Gartner : Second Life Is Risky & Over-Hyped

Thursday, August 9, 2007

Finally someone (Gartner nonetheless !) blows the cover here and calls a spade a spade.  The initial promise of Second Life as an open platform for learning and innovation has worn out quickly.  The substantial risks of (graphically sub-standard) open worlds like Second Life are here contrasted with the virtues of several “private” alternatives.  Refreshing take that defies all the media hype of recent times –

Media hype and enthusiasm for virtual worlds must be tempered with a realistic assessment of the security and risk-management issues they expose enterprises to, according to Gartner.  Companies that are sensitive to brand issues, as well as social and ethical positioning, must exercise particular caution in uncontrolled virtual worlds, such as Linden Lab’s Second Life, and should consider more heavily moderated, targeted alternatives, such as There, Kaneva and Activeworlds, analysts advised.  “The risks enterprises face as a result of their involvement in virtual worlds are real and can be significant.  They shouldn’t be ignored – but neither should the potential opportunities and benefits that arise from using these new environments for corporate collaboration and communications,” said Steve Prentice, a vice president and distinguished analyst with Gartner in the UK.  “When planning enterprise activities in virtual worlds, an enterprise’s awareness of the risks, as well as a reasoned and objective analysis of them, will enable it to objectively evaluate the overall situation and offset risks against often-nebulous benefits.”  Prentice said that the issues facing corporations could be broadly grouped into five major categories, and offered advice on each…..

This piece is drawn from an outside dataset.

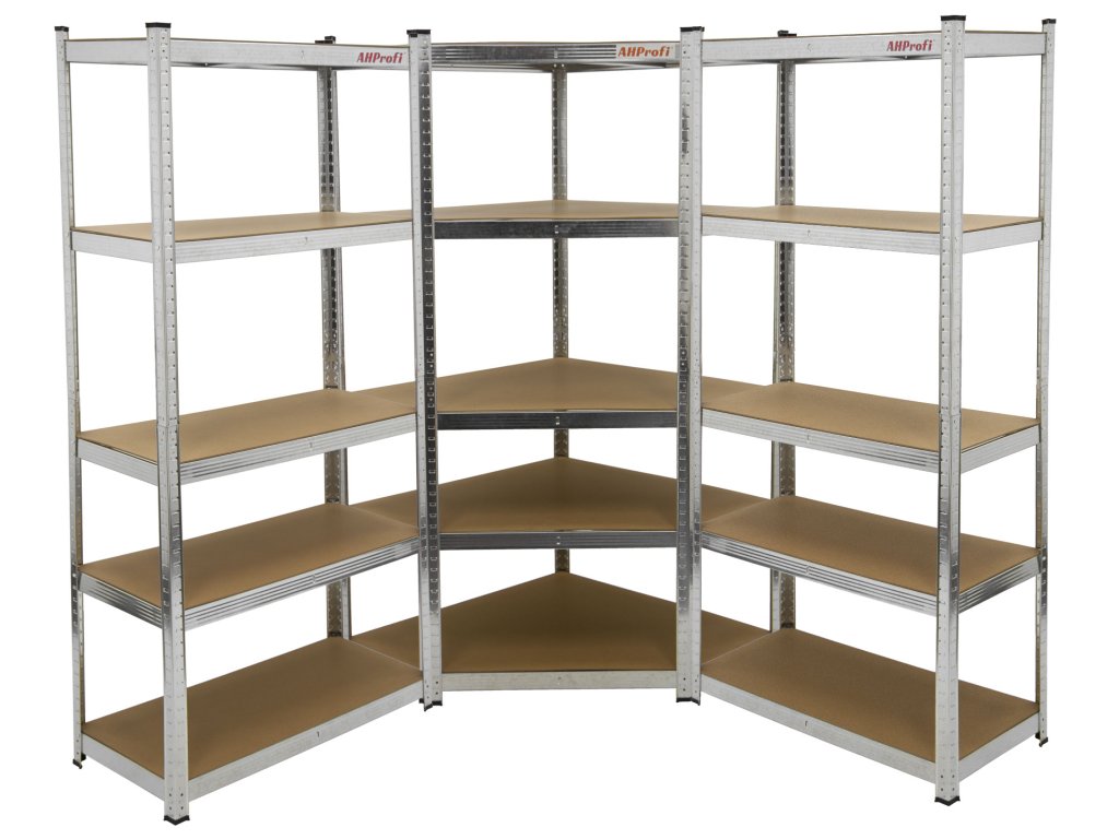 Tento regálový systém přináší maximálně efektivní řešení pro uspořádání prostoru v rohu místnosti. Sada se skládá z rohového regálu a 2 rovných regálů , díky čemuž vytvoříte ucelenou úložnou sestavu. Využití najde v domácnostech, dílnách, garážích, technických místnostech, skladech i v obchodech.

  1. IT-Related Security Risks : IT-related security risks are primarily centered on unverified applications being downloaded to managed desktop systems, and on issues regarding firewall permeability.  There are no indications that these client applications represent a higher risk than other similar applications, but Gartner said that at this time, the high frequency of updates makes the control of a large application difficult.
  2. Identity Authentication and Access Management : Individuals interact in virtual worlds via avatars, which are computer-generated representations of themselves.  However, because new accounts can be opened with ease (and at no cost), many individuals have multiple avatars.  Thus, it’s difficult (if not impossible) to ensure that any specific avatar actually represents the person with whom it’s associated.  This lack of verifiable identity control or access management is a major deficiency in public virtual worlds and is having a significant impact on the potential use of virtual worlds for internal collaboration purposes.  Gartner recommends that companies seriously evaluate the availability of “private” virtual-world environments, which are hosted internally and exist entirely inside the enterprise firewall.

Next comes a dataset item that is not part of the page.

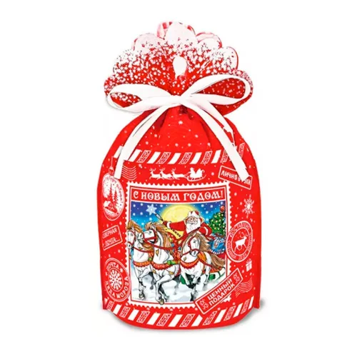 Сладкий новогодний подарок Мешочек Северная почта - яркий, красивый, текстильный мешочек, наполненный самыми вкусными конфетами! Мешочек с изысканным орнаментом и изображением Дедушки Мороза, который мчится на встречу с детьми! Подарок Северная почта - выражение новогодней теплоты и признательности: ребенку, маме, бабушке, коллеге, сотрудникам, учителю, воспитателю. Волшебный, сказочный, универсальный подарок! Мешочек комплектуется белой атласной лентой. Наши подарки укомплектованы самыми вкусными конфетами и сладостями от лучших кондитерских производителей России: фабрики имени Крупской, Славянка, Акконд, КДВ, Вольский кондитер, Азовская, Сладуница, Cладкий орешек, Коломенское, Нева, Дымка, Невский кондитер, Лотте, MARS и др. Высокое качество которых соответствует всем необходимым нормативам и ГОСТам РФ. Большой опыт и прямые поставки сладостей от ведущих отечественных кондитерских фабрик, позволяют нам создавать сладкие новогодние подарки, которые всегда приводят в восторг детей и взрослых! Все новогодние подарки сертифицированы. Декларации соответствия опубликованы на сайте и предоставляются с поставкой новогодних подарков. В каждый подарок мы вкладываем информацию с указанием состава сладкого набора, массой, условиями хранения, телефоном и адресом производства, датой упаковки. Обращаем ваше внимание, что в составе подарка возможна частичная замена на схожие по цене и вкусу конфеты. Желаем Вам сказочного и волшебного Нового 2026 года!

  3. Confidentiality : Virtual worlds aren’t secure environments.  Gartner believes that discussions involving confidential and commercially sensitive information shouldn’t take place inside Second Life or any other virtual world – or in an open, internet-supported social-networking site.  Worldwide legal systems (especially in the US) have become increasingly aggressive in demanding access to electronically stored records.  By moving to a private virtual world (built by using tools such as GarageGames’ Torque Game Engine or Sun’s Java-based Project Wonderland); or developed using established applications (such as Forterra Systems’ Olive) that are entirely contained inside the enterprise firewall, the issues of privacy, confidentiality and identity can be controlled.  Non-US organisations may wish to avoid virtual worlds that are subject to US jurisdiction because this may result in stored information being subject to legal scrutiny.

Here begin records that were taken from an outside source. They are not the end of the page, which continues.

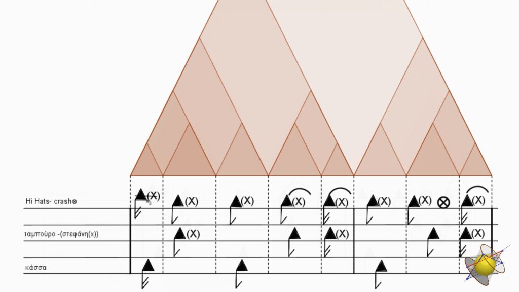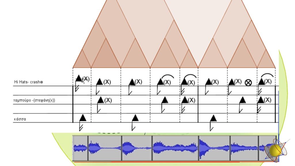 Ἔτσι ὅμως δημιουργήσαμε ἕναν πολὺ συγκεκριμένο τριγωνικὸ ὀχτάρι ρυθμὸ ἐπὶ χάρτου. Θὰ τὸν ζωντανέψουμε. Μὲ τὴ βοήθεια τῆς σύγχρονης μουσικῆς τεχνολογίας, ἐπενδύσαμε τὸ μέτρο μὲ ψηφιακοὺς ἤχους drums, ἄψογα παιγμένους μὲ τοὺς κανόνες καὶ τὶς ὑποδείξεις τοῦ συγκεκριμένου μέτρου.
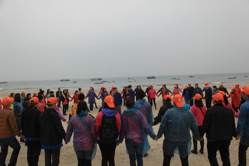一百八十多名客人一下子給北海初春平靜的海灘帶來了無限活力,在專業(yè)教練的帶領(lǐng)下大家互相信任,團結(jié)協(xié)作玩起了集體游戲,天空突然飄下幾滴小雨來湊熱鬧,但很快就又消失在大家的歡聲笑語中。
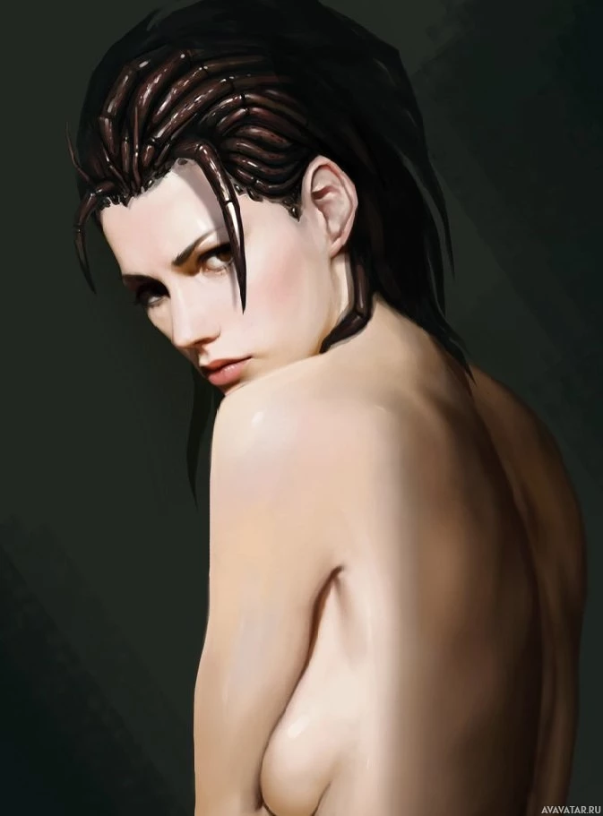 a chest piece, suggesting she might be a warrior or someone involved in combat. The character seems intense or focused, which may indicate she is part of an action or

  4. Brand and Reputation Risk Management : Uncontrolled virtual worlds represent an environment fraught with danger for enterprises that are sensitive to brand and reputation issues.  Enterprises should exercise extreme caution in their virtual-world activities.  Enterprises that are sensitive to brand and reputation issues should consider confining their activities to controlled virtual environments to minimise (but not eliminate) their potential exposure.
  5. Productivity : Considerable scepticism remains regarding the practical benefits of virtual worlds to enterprise activities, with many senior executives viewing them as time- (and therefore money-) consuming diversions that lead to significant amounts of wasted time as well as computing and bandwidth resources…..Gartner’s take is that productivity may decline during the extensive learning and adoption phases of virtual worlds, but this shouldn’t prevent enterprises from looking beyond the initial phases toward the productivity benefits that may ensue.  Whilst unconstrained use of virtual worlds for all staff is probably inappropriate and unnecessary, enterprises should keep an open mind and evaluate trials carefully to avoid premature and inappropriate decisions regarding access and value.